On May 1, Chairman and CEO of Railway Board VK Tripathi confirmed that the railways would not restart the WVMs. This will be a setback for the thirsty passengers, especially in this atrocious summer heat as cheap water will not be available for passengers. There are 80 WVMs on the Central Railway and over 50 on the Western Railway stations across Mumbai. Of these, 60 – 36 on CR and 24 on WR stations – aren’t in a working condition.

The railways now claim the WVMs to be a failed scheme. Henceforth none of these will be available for the public, who would be left with no option but to buy 1 litre bottled water at Rs 15. “At this point of time the provision of water vending machine will not resume. Water is available at railway stations only at our drinking water taps,” said Tripathi.

The WVMs would sell water at Re 1 and refill the empty bottles of the passengers for Rs 5, which was cheaper than the bottled water sold under Rail Neer brand at stations.

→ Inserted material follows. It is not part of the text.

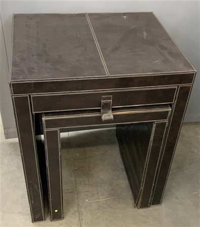 Set di due tavolini a nido di cui uno con cassetto, rivestiti in cuoio color testa di moro. Italia, secolo XX. (cm max 49x60x40) (difetti)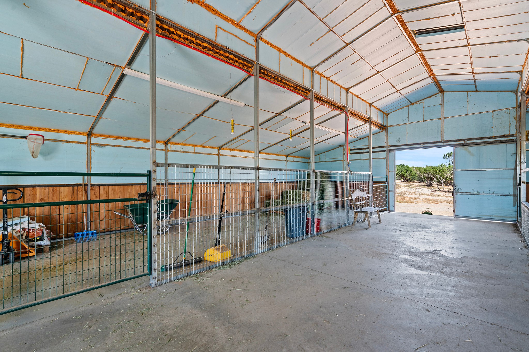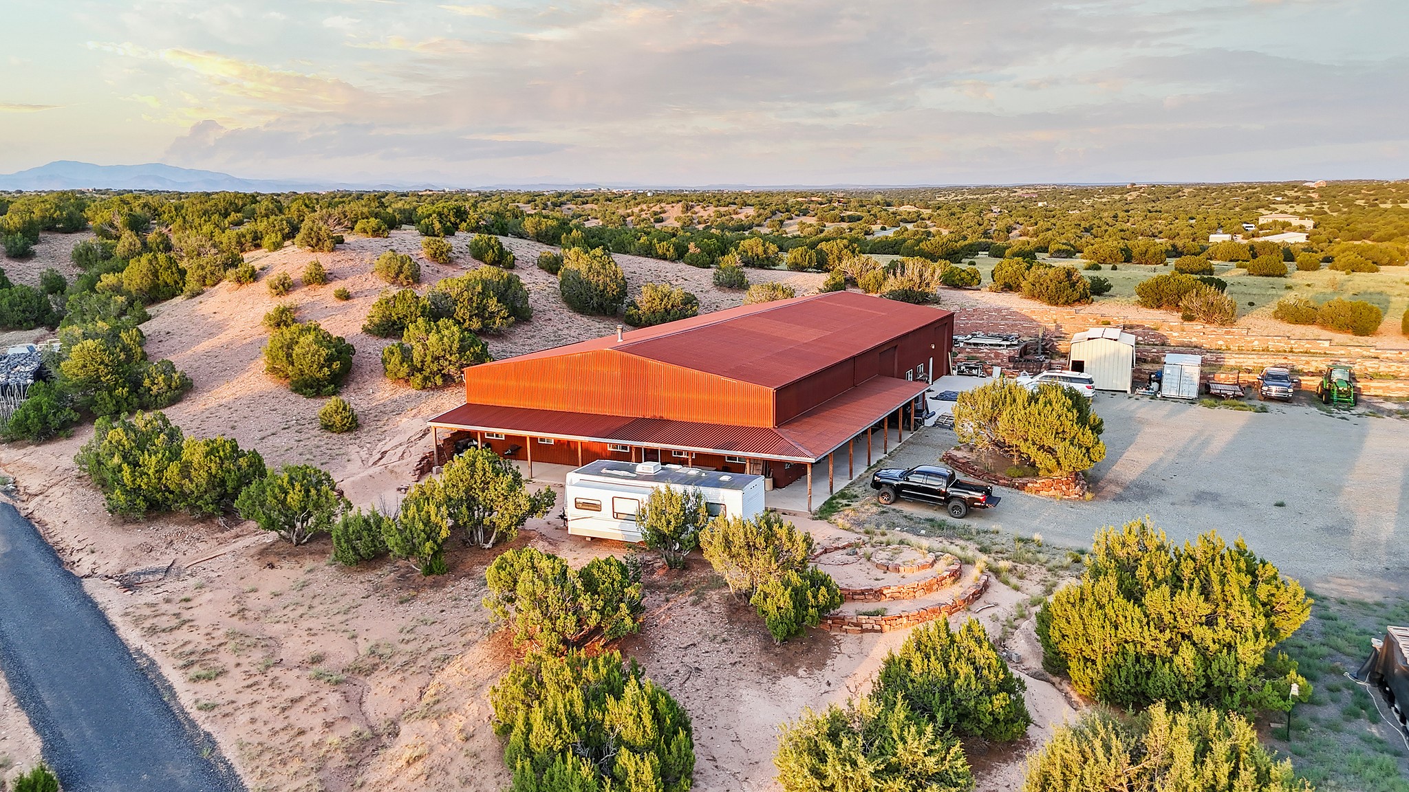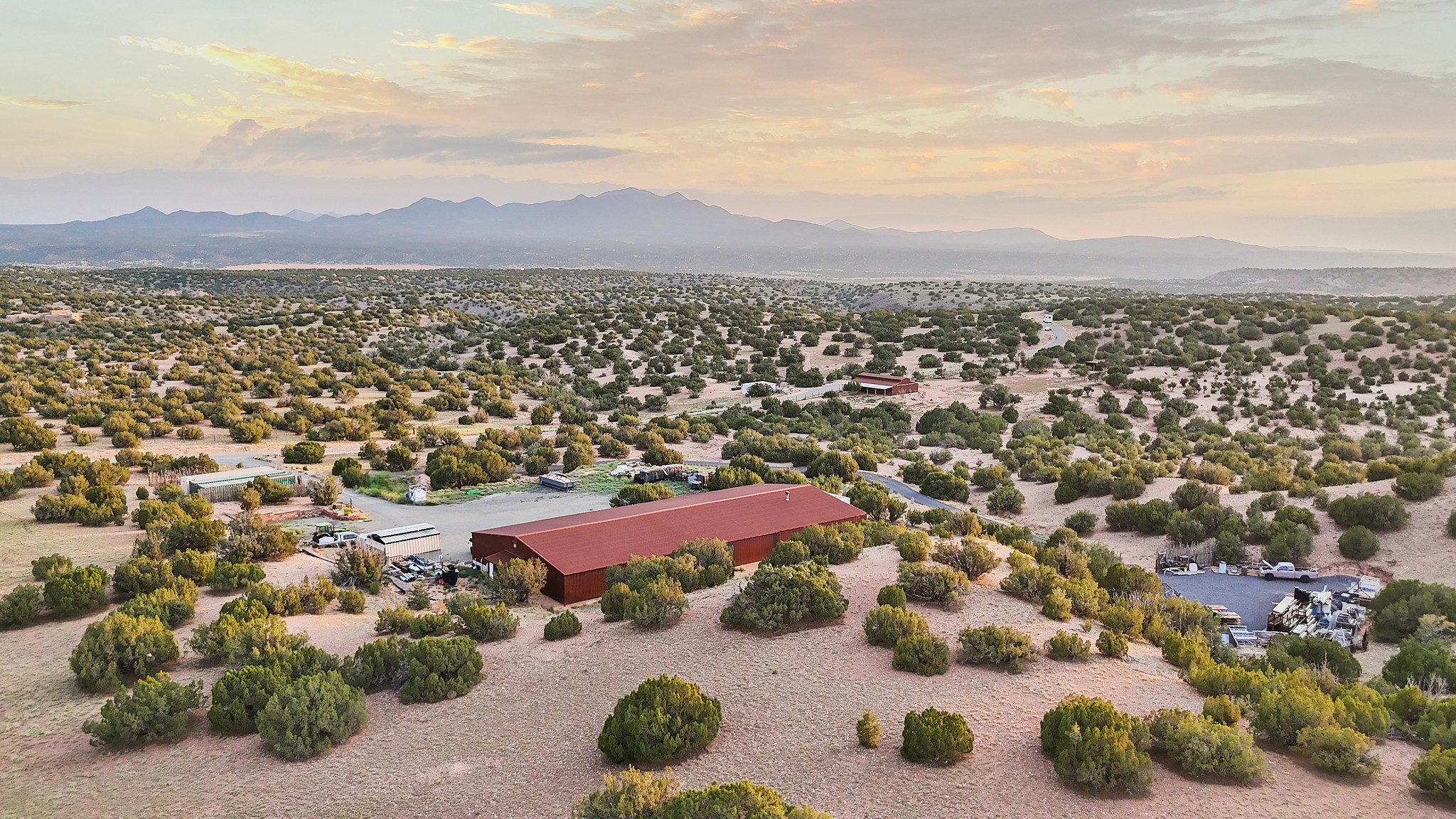 Welcome to this one-of-a-kind property just south of Santa Fe, featuring 364 prime and private acres with some of the best expansive mountain views around! The exceptional acreage consists of three contiguous and separately deeded parcels, providing tremendous versatility and numerous development possibilities for a new owner. The phenomenal 8,000+/- sqft steel-framed and insulated workshop/warehouse (constructed in 2018) is equipped with all one could dream of, including a 2-bedroom, 2-bath living quarters. Additional features include: 220v power, a strong producing well with 11,000 gallon holding tanks, 2 internet boosters, and a reverse osmosis water system, to name a few. There is also a fully-fenced/well-constructed/insulated barn with water and power in addition to a separate shelter for the animals. The unparalleled majestic views of the Ortiz Mountains are truly outstanding. This opportunity is the one you've been waiting for! Come make your dream a reality today by taking advantage of this rare offering.

These WVMs have been shut for over two years now and disputes with contractors are also reported. In March this year, the WR and the CR authorities had claimed that they would be replacing the non-functional WVMs which now seems impossible. The railway passenger associations claim that this is an excuse to pave the way for marketing the Rail Neer water bottles. “The availability of WVMs was a good way of providing clean water to the public. The decision to shut WVMs will only benefit the canteen and food stalls. It needs to be withdrawn," said Subhash Gupta, president, Rail Yatri Sangh. The IRCTC produces 14,500 cartons of packaged drinking water with each containing 12 bottles of 1 litre each.

All these are supplied and distributed to static unit owners. These are produced at Ambernath plant from where they are distributed. The WVMs were introduced by the IRCTC but now have ‘Out of Order’ notices pasted on them.